The anti-Soros campaign even managed to get into the US Congress. Six senators
signed a letter calling on Secretary of State Rex Tillerson to investigate
USAID funding for Soros' Open Society Foundation and its activities in
Macedonia and Albania. Apparently, the letter was based on a pamphlet sent to
Congress by a Macedonian group called Stop Operation Soros.
That Soros has been dragged into this racist vortex of
Anti-Semitism and Islamophobia should not come as a surprise.
For centuries, the images of the Muslim and the Jewish "other" have gone
hand-in-hand in Western racist thought. As Edward Said wrote in his magnum
opus, Orientalism is "a strange secret sharer of Western anti-Semitism".

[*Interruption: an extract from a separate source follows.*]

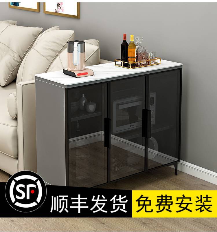 Piring samping lemari modern minimalis, lemari teh penyimpanan ruang tamu, lemari dapur rumah, dinding terintegrasi, kabinet anggur mewah ringan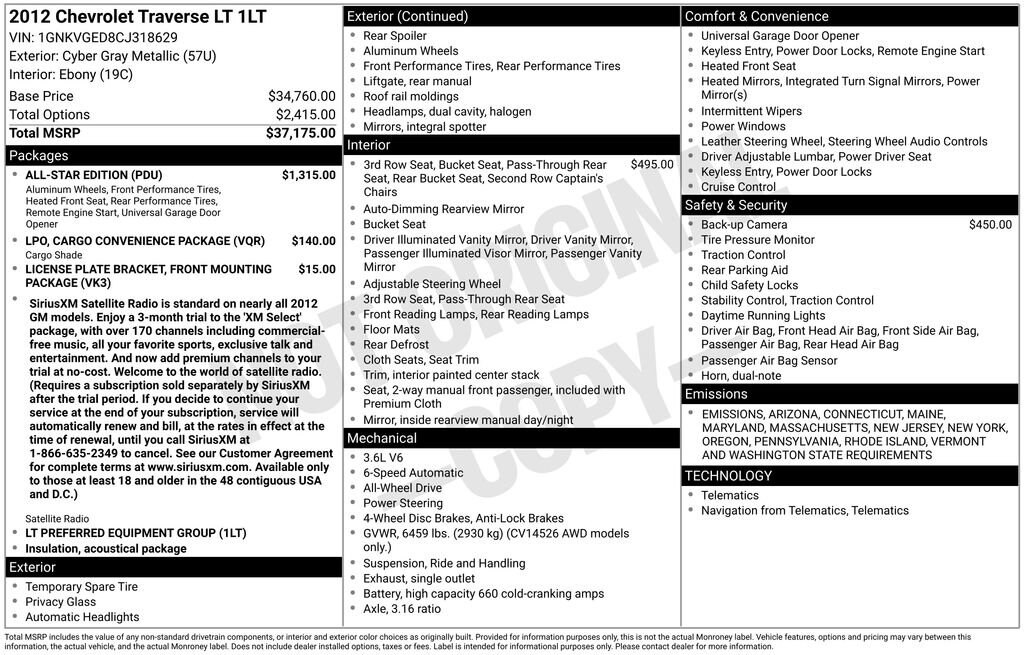 Used 2012 ChevroletTraverse 1LT

Historically, Jews and Muslims have faced similar accusations, racist tropes
and persecution. Western Europeans used both as a projection surface to
imagine itself as racially pure, white and Christian. In medieval times, Jews
were accused of well-poisoning to kill Christians and Muslims – of inciting
them to do so. During the Reformation, Jews were portrayed as the companions
of the devil who had entered into a pact with the Muslim Turks.
Today, the "international Jewish conspiracy" has joined the "Islamisation
conspiracy" in the minds of many followers of the far right. Once again, there
are many who want a pure white and Christian Europe. And in the past few years
that has proven deadly: Anders Behring Breivik's manifesto "2083 – A European
Declaration of Independence" is full of twisted Islamophobic and anti-Semitic
fantasies.
Anti-Semitism and Islamophobia are not separate and unrelated. Both forms of
racism go hand-in-hand today, as they have in the past and that needs to be
acknowledged.
Neglecting Islamophobia as the sibling of anti-Semitism will only strengthen
racist ideologues and far-right politicians, from the Breiviks to the Orbans.
Farid Hafez is a political scientist and senior research fellow at the
Bridge Initiative at Georgetown University.